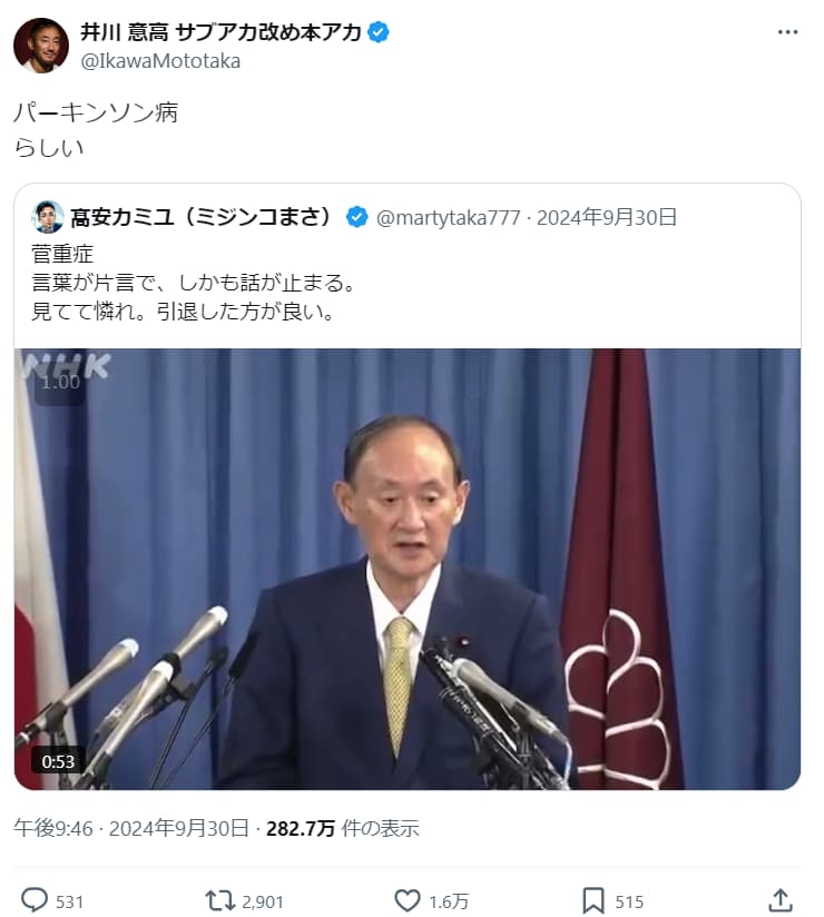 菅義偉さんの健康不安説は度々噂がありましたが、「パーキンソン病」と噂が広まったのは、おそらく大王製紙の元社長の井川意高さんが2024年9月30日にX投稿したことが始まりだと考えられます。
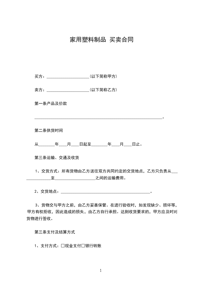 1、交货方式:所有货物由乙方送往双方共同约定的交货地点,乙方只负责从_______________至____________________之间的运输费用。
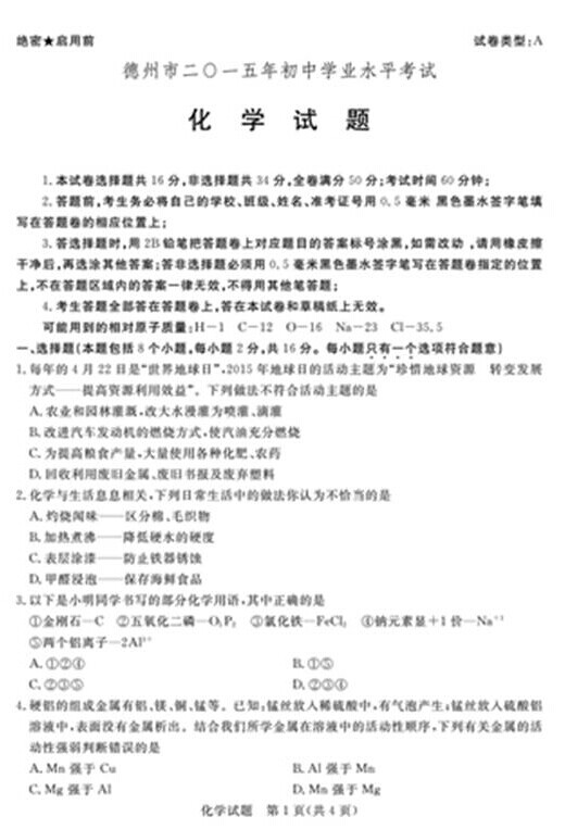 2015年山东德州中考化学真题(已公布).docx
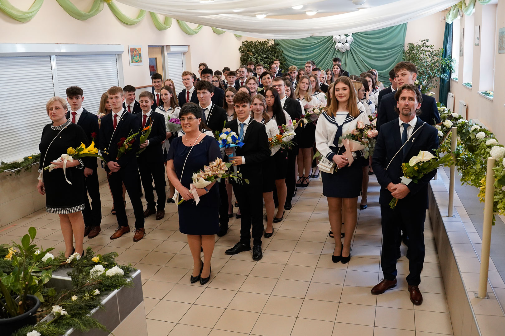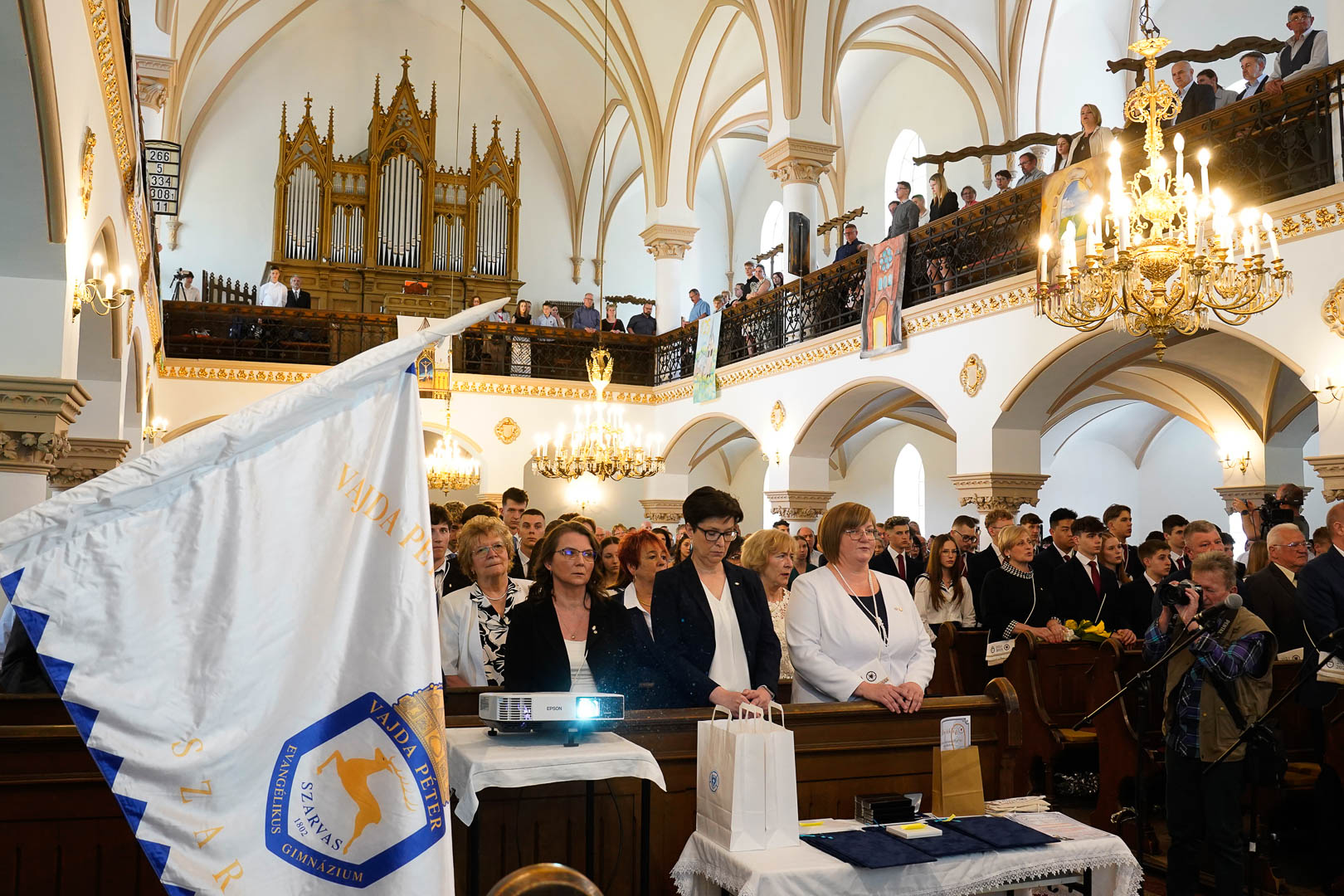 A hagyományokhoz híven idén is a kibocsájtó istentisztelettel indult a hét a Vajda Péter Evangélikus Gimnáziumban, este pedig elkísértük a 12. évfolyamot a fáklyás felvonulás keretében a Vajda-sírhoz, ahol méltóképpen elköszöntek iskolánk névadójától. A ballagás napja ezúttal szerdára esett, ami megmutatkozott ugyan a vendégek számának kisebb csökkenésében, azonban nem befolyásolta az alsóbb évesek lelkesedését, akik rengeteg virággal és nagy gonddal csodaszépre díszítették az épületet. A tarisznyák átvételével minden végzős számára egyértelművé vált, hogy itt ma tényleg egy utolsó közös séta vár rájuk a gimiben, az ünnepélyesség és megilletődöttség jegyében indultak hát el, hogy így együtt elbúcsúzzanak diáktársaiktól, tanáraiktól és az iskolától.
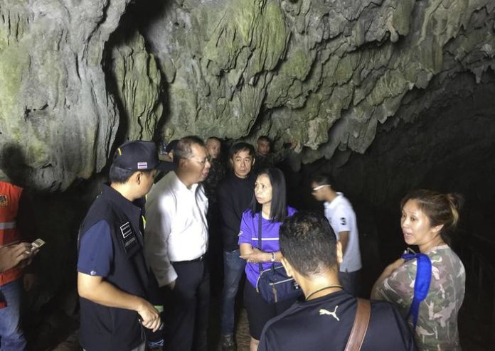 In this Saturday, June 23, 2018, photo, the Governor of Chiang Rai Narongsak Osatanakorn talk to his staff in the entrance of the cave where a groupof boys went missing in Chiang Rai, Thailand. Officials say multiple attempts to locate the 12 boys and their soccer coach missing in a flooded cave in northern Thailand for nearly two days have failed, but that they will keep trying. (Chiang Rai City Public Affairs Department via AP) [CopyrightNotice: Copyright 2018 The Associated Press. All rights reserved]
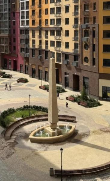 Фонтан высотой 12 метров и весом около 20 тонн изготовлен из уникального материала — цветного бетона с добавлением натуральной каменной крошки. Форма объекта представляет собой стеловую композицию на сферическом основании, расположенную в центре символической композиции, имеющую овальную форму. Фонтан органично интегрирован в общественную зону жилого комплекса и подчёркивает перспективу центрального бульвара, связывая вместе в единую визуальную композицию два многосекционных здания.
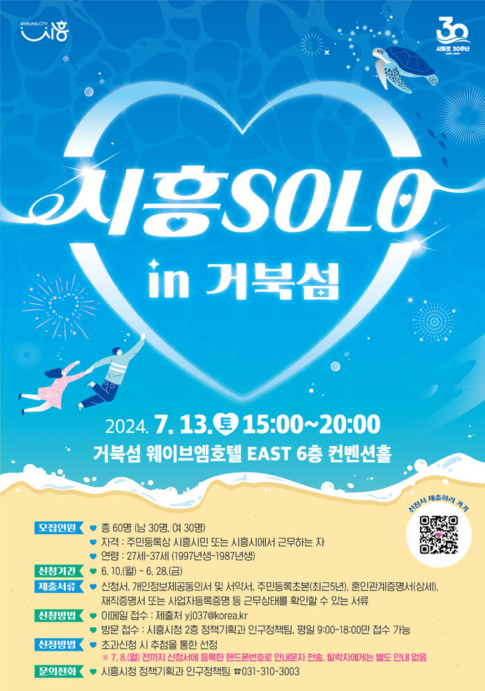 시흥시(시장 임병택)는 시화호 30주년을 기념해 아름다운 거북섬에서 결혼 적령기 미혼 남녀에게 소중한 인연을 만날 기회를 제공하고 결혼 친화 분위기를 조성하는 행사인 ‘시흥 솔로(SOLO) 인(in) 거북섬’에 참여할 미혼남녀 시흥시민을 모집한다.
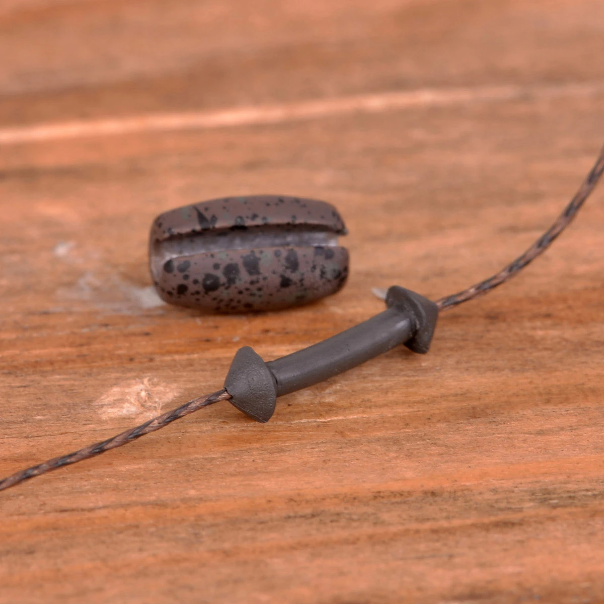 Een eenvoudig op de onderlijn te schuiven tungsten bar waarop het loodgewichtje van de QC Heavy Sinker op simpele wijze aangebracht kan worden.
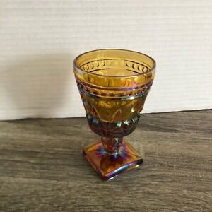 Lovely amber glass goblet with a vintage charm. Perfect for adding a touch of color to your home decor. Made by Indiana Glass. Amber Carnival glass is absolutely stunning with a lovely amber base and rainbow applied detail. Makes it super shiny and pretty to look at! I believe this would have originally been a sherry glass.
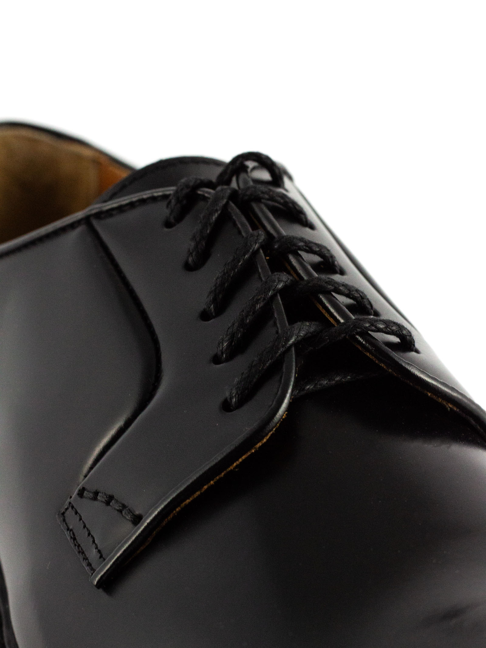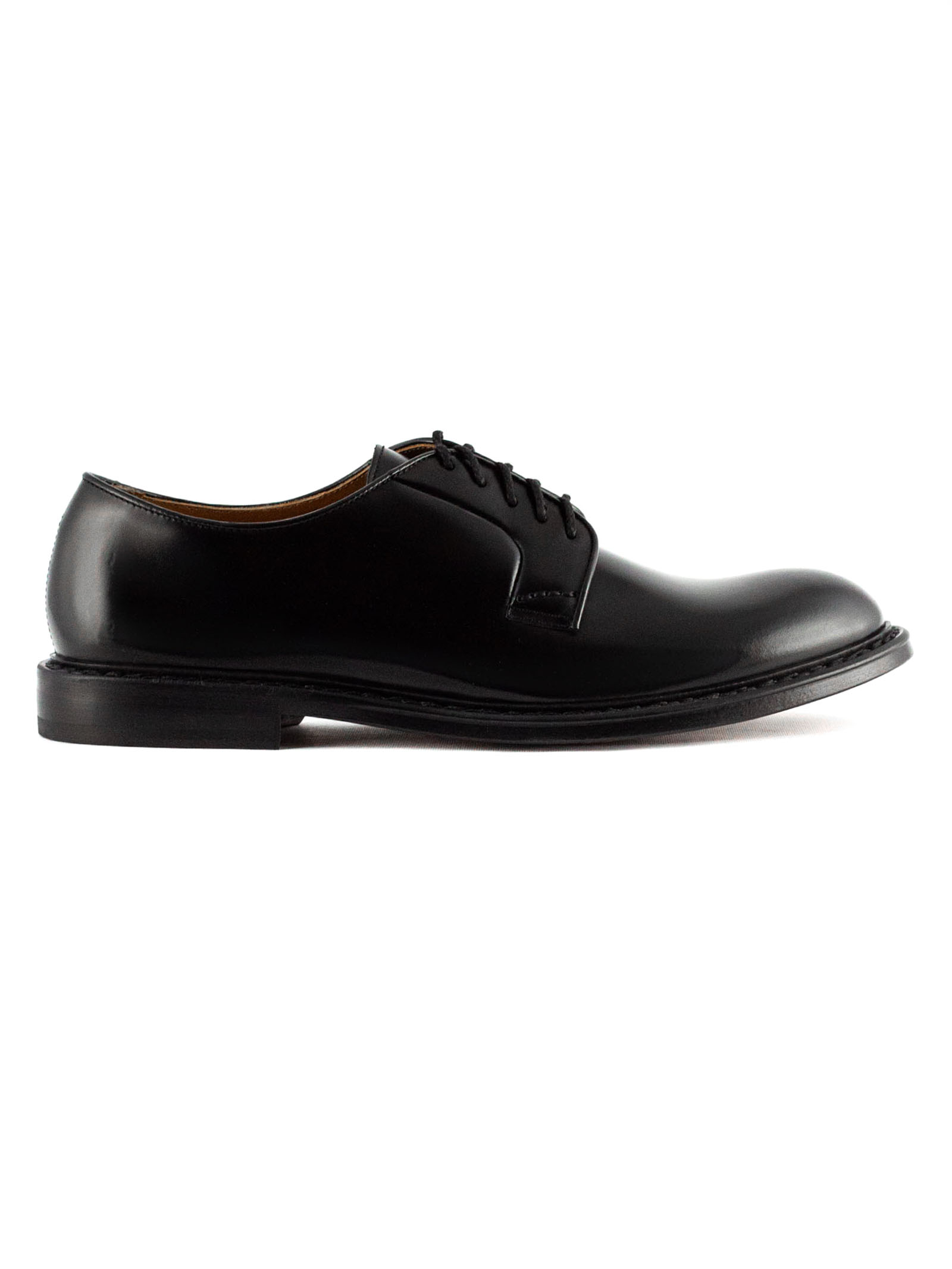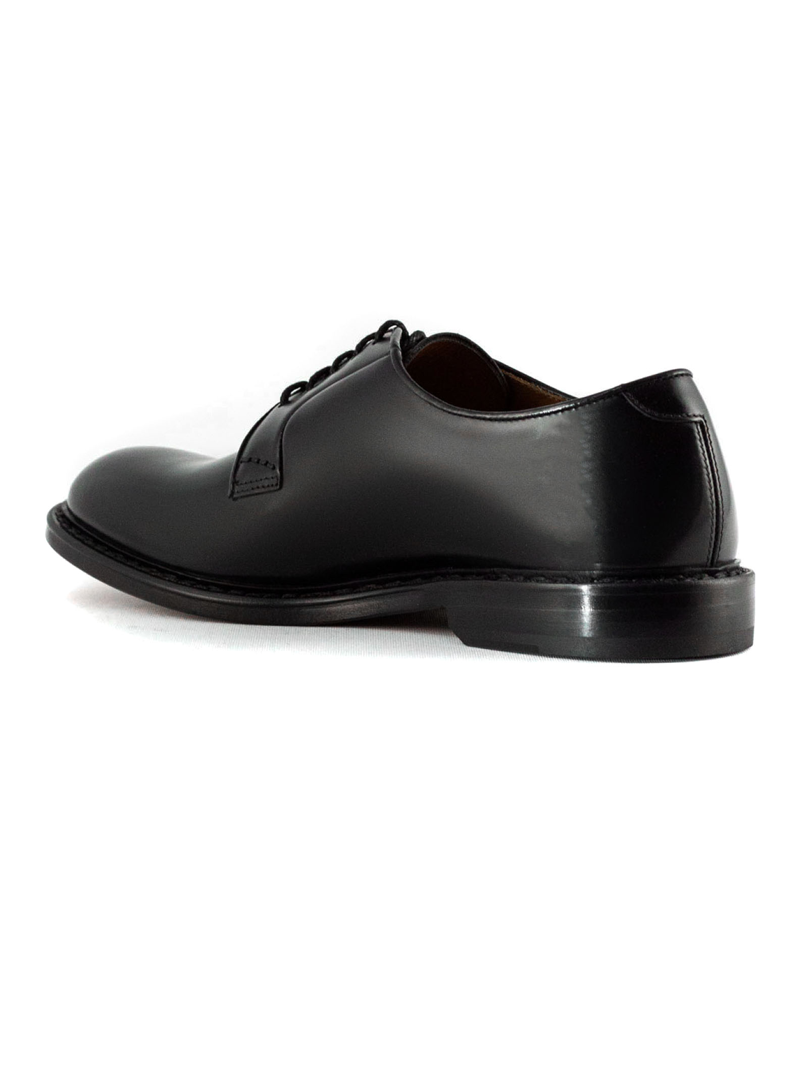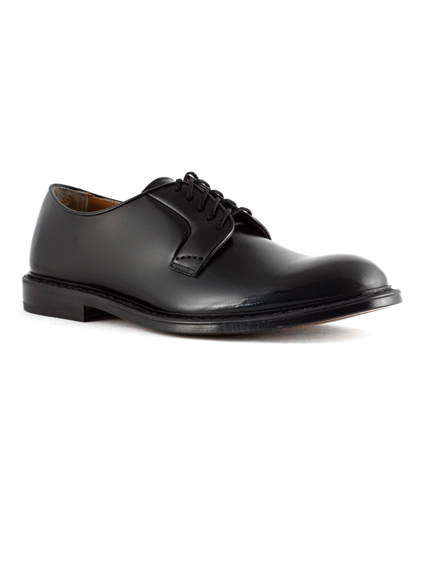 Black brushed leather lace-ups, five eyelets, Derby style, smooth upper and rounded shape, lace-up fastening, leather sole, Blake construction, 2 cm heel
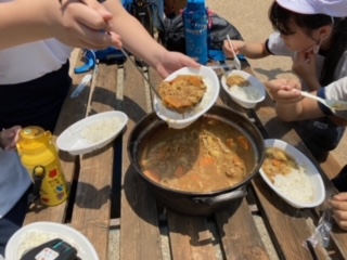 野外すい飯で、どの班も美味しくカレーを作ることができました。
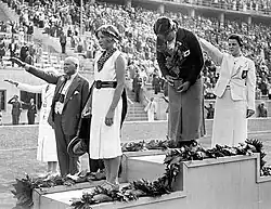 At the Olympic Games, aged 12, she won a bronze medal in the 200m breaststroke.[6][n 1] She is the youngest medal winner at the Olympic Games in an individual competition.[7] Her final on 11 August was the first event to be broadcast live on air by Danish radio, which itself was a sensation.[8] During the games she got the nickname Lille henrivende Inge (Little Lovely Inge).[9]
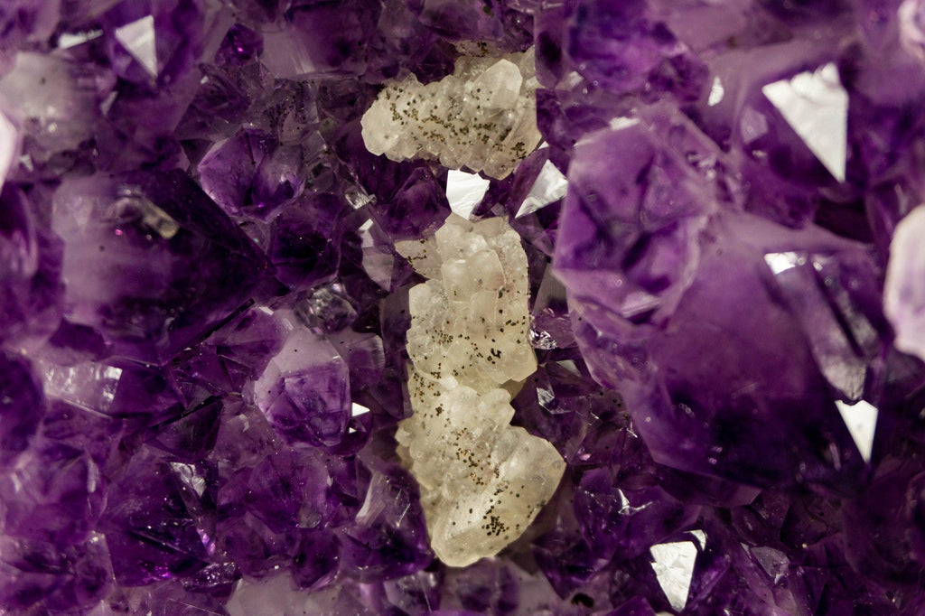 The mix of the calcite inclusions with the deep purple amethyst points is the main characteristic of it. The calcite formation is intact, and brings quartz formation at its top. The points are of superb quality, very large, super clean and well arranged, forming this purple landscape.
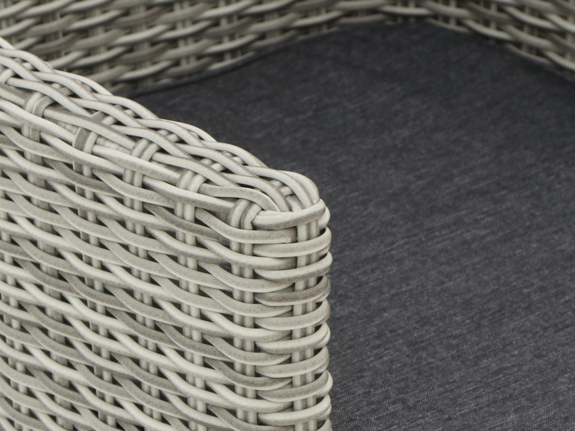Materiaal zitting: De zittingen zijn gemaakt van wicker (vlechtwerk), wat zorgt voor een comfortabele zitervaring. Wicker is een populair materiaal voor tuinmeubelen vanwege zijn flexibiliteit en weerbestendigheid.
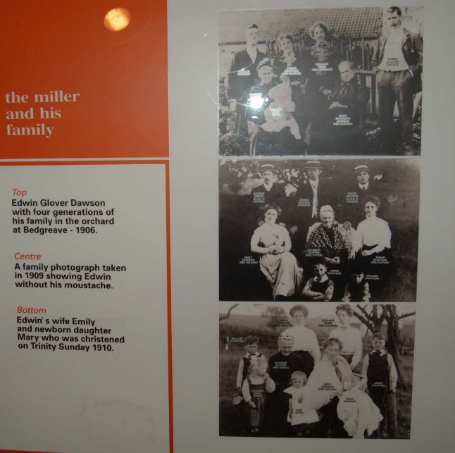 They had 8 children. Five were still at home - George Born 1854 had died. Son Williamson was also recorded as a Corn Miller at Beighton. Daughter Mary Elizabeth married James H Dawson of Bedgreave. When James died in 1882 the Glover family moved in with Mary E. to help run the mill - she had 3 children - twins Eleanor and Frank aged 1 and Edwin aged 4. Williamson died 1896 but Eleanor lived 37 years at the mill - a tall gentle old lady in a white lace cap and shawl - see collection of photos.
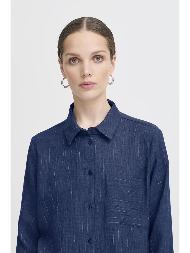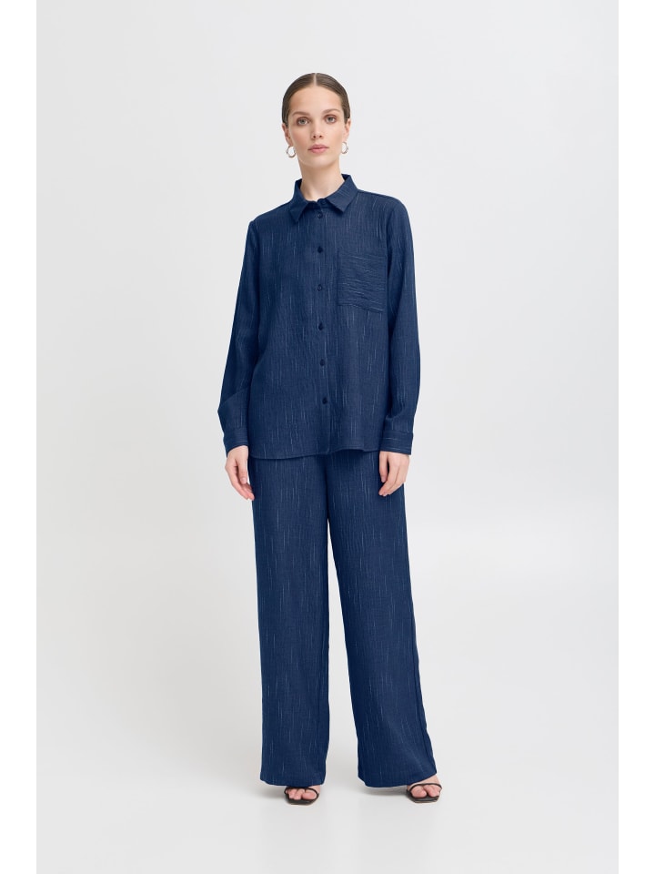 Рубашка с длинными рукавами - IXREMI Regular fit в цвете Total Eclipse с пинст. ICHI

· · · · ·

→ **Problem statement**: Range to print from the listing above: from the line with "野外すい飯で、どの班も美味しくカレーを作ることができました。" up to and including the line with "At the Olympic Games, aged". Please print those lines exactly, with no pictures and nothing more.

→ **Result of this exercise**:
 野外すい飯で、どの班も美味しくカレーを作ることができました。
 At the Olympic Games, aged 12, she won a bronze medal in the 200m breaststroke.[6][n 1] She is the youngest medal winner at the Olympic Games in an individual competition.[7] Her final on 11 August was the first event to be broadcast live on air by Danish radio, which itself was a sensation.[8] During the games she got the nickname Lille henrivende Inge (Little Lovely Inge).[9]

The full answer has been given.